Selanjutnya, Recovery Stage dimana tahapan ini perlahan mengiringi karena orang
merasa lebih betah di lingkungan baru mereka. Perasaan dari tahap konflik mulai
mereda ketika orang menyesuaikan diri dengan lingkungan baru mereka. Meskipun
mereka mungkin masih belum memahami isyarat budaya tertentu, orang akan menjadi
lebih akrab—setidaknya hingga menafsirkannya menjadi lebih mudah. Selama tahap
penerimaan atau pemulihan, orang lebih mampu mengalami dan menikmati rumah
baru mereka. Biasanya, kepercayaan dan sikap terhadap lingkungan baru mereka
meningkat, yang mengarah pada peningkatan kepercayaan diri dan kembalinya rasa
humor mereka. Hambatan dan kesalahpahaman dari tahap frustrasi biasanya telah
diselesaikan, memungkinkan orang untuk menjadi lebih santai dan lebih bahagia.
Pada tahap ini, kebanyakan orang mengalami pertumbuhan dan mungkin mengubah
perilaku lama mereka dan mengadopsi tata krama dari budaya baru mereka.
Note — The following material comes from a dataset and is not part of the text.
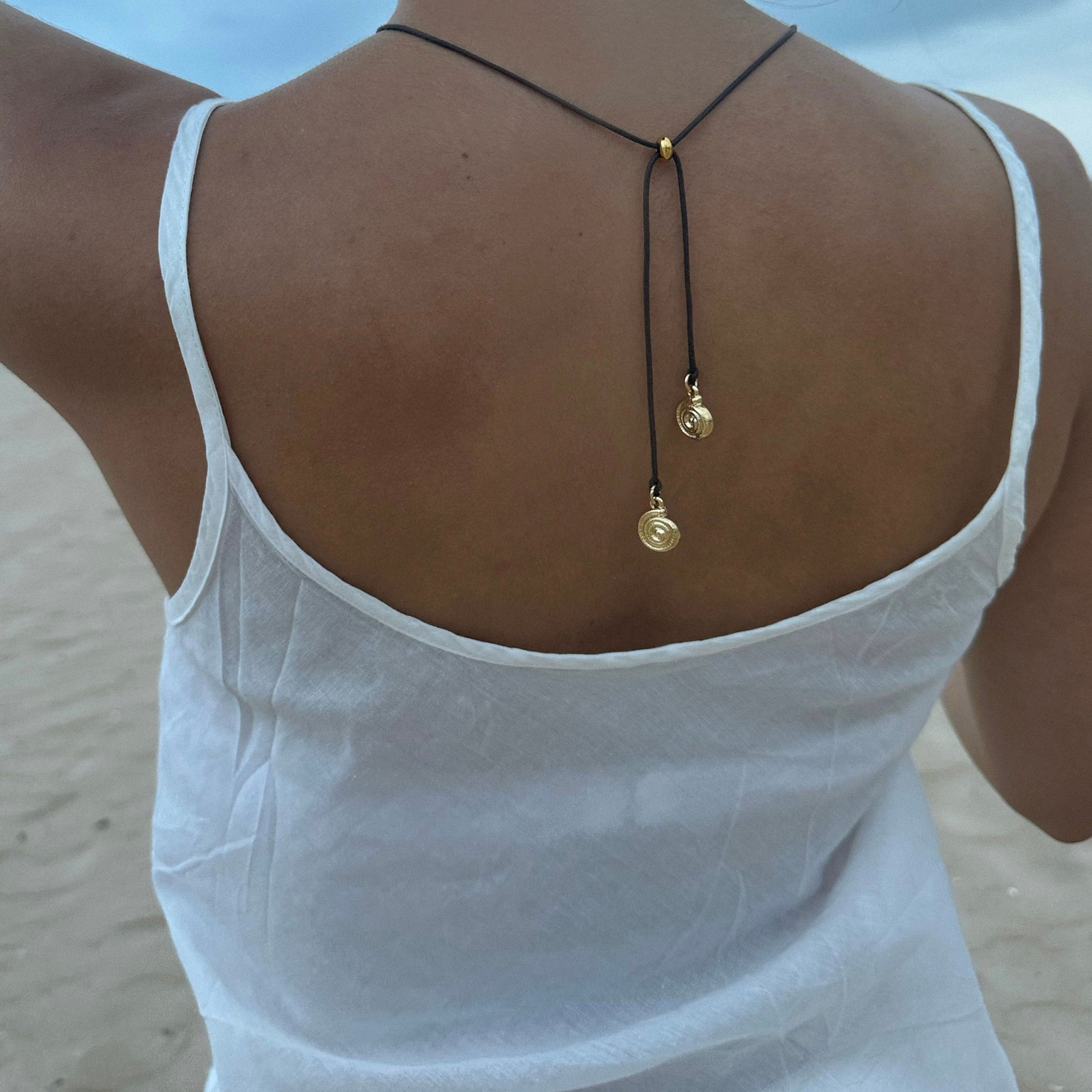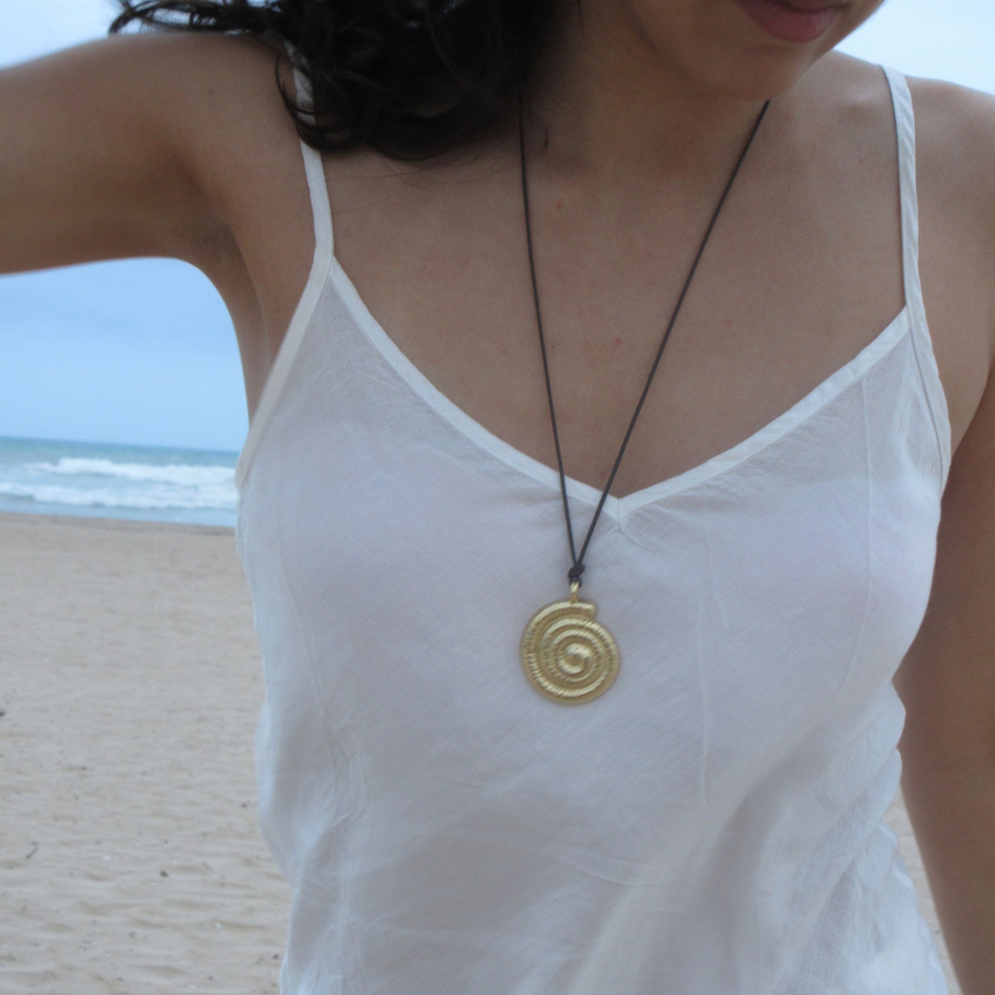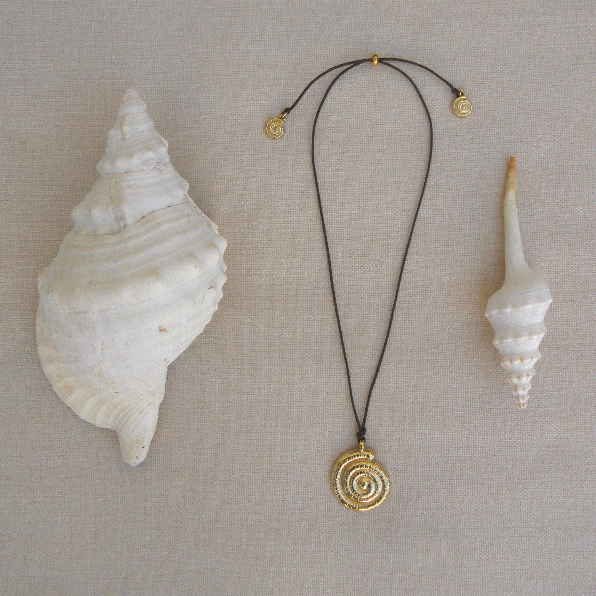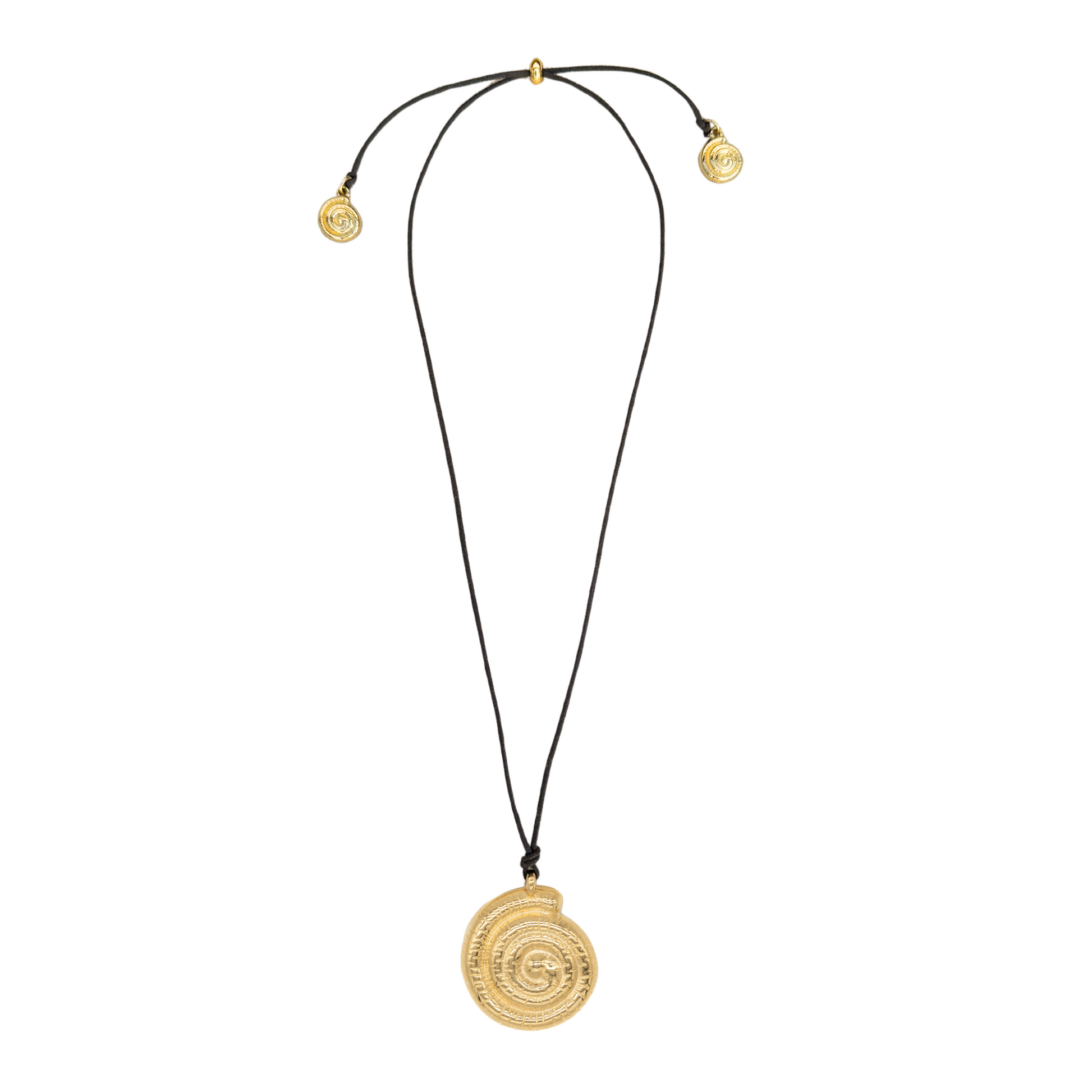 Caracola bañada en oro de 18 quilates y cordón de algodón en marrón oscuro.

Selama tahap ini, budaya, kepercayaan, dan sikap baru mungkin tidak sepenuhnya
dipahami. Namun, realisasinya mungkin diatur dalam pemahaman yang lengkap tidak
diperlukan untuk berfungsi dan berkembang di lingkungan baru.
Terakhir Adjustment Stage, rutinitas mulai berkembang dan hal-hal mulai terasa
normal, tokoh mulai merasa lebih bisa mengakses informasi. Para tokoh juga merasa
lebih santai dan memiliki lebih sedikit emosi negatif.